Funny enough, in the Navy's released footage of the "tic-tac" [1] this appears to be exactly what it does - it orients it's flat side towards the direction of intended movement then propels forward at (seemingly impossible) speeds. I'm not sure I have an opinion yet about if this tech is real, but it'd be interesting to hear (if these videos are fake) whether or not research went into "optimal" shape for breakthrough propulsion techniques which were then reproduced in a video.

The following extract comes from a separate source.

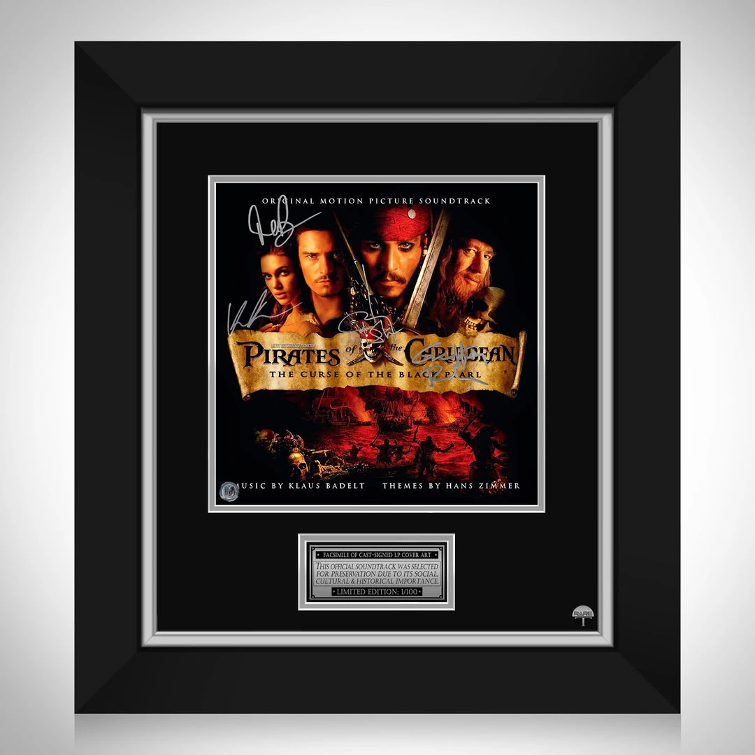 Pay homage to one of the most iconic movie of all time, Pirates of The Caribbean The cursed of the Black Pearl , with this gallery-framed, officially licensed, limited edition facsimile of the Hand-Signed Original Motion Picture Soundtrack LP Cover originally signed by Johnny Depp, Geoffrey Rush, Orlando Bloom, Keira Knightley & Hans Zimmer , of which is strictly limited to 100 units Worldwide, and has been approved and numbered accordingly.

https://www.navair.navy.mil/foia/documents

enoreyes | 5 years ago | on: Building a computer in Conway's game of life

Perhaps this specific exercise does not necessarily generate any utility in and of itself, but the concept is certainly quite interesting. Many would argue a bunch of pebbles on the sea shore couldn't possibly be alive, yet many still hope we can bring life to a machine of silicon. Clearly there must be some difference between the two, unless there isn't. Relevant XKCD: https://xkcd.com/505/

enoreyes | 5 years ago | on: Pentagon's UFO Unit to Disclose Some of Its Findings to the Public

Interesting to note that the NYT article (linked below and in a few places in the comments here) was amended a few hours after being posted. It originally made a strong claim that Harry Reid said that crashes had occurred and materials were possessed. Instead, it was revised to say:

> An earlier version of this article inaccurately rendered remarks attributed to Harry Reid, the retired Senate majority leader from Nevada. Mr. Reid said he believed that crashes of objects of unknown origin may have occurred and that retrieved materials should be studied; he did not say that crashes had occurred and that retrieved materials had been studied secretly for decades.

This is pure speculation but Ralph Blumenthal and Leslie Kean seem to be the main NYT staff members reporting on this topic and they have proven to be detail-oriented enough and rather limited in their speculation. I wonder if they truly 'misreported' this or if instead the article was asked to be amended because of security reasons.

https://www.nytimes.com/2020/07/23/us/politics/pentagon-ufo-...

enoreyes | 5 years ago | on: Mental Wealth

This is an interesting idea, but I wonder to what extent this view is only possible for people who aren't explicitly persecuted for their identity. How can you keep your "identity" small if it's written on your skin or on your marriage documents? Should these people simply disassociate from their identities?

I think as a general principle it's probably good to minimize your public-facing identity, however, the reductionism and broad generalization make this argument much weaker and misses the point about why people get so upset about identity.

enoreyes | 5 years ago | on: Electrons May Well Be Conscious

The mind-body problem is an interesting philosophical debate. It would be funny if our ancestors had been on to something the whole time with the various forms of panpsychism that have occurred throughout history. We tend to overestimate our own ingenuity and heavily discount the intelligence and natural intuition of the past. Not saying this is a credible theory, just an interesting reoccurring idea throughout human history.

enoreyes | 5 years ago | on: America’s Havana: Thousands Say “Ciao” to San Francisco

It feels a bit misleading to immediately attack Boudin for his work in Venezuela. He was a translator there between undergrad and law school. His leftist background is certainly quite interesting but I felt that the early attempt to attack his character by associating him with Chavez comes across as a bit of a stretch that I think hurts the credibility of the author.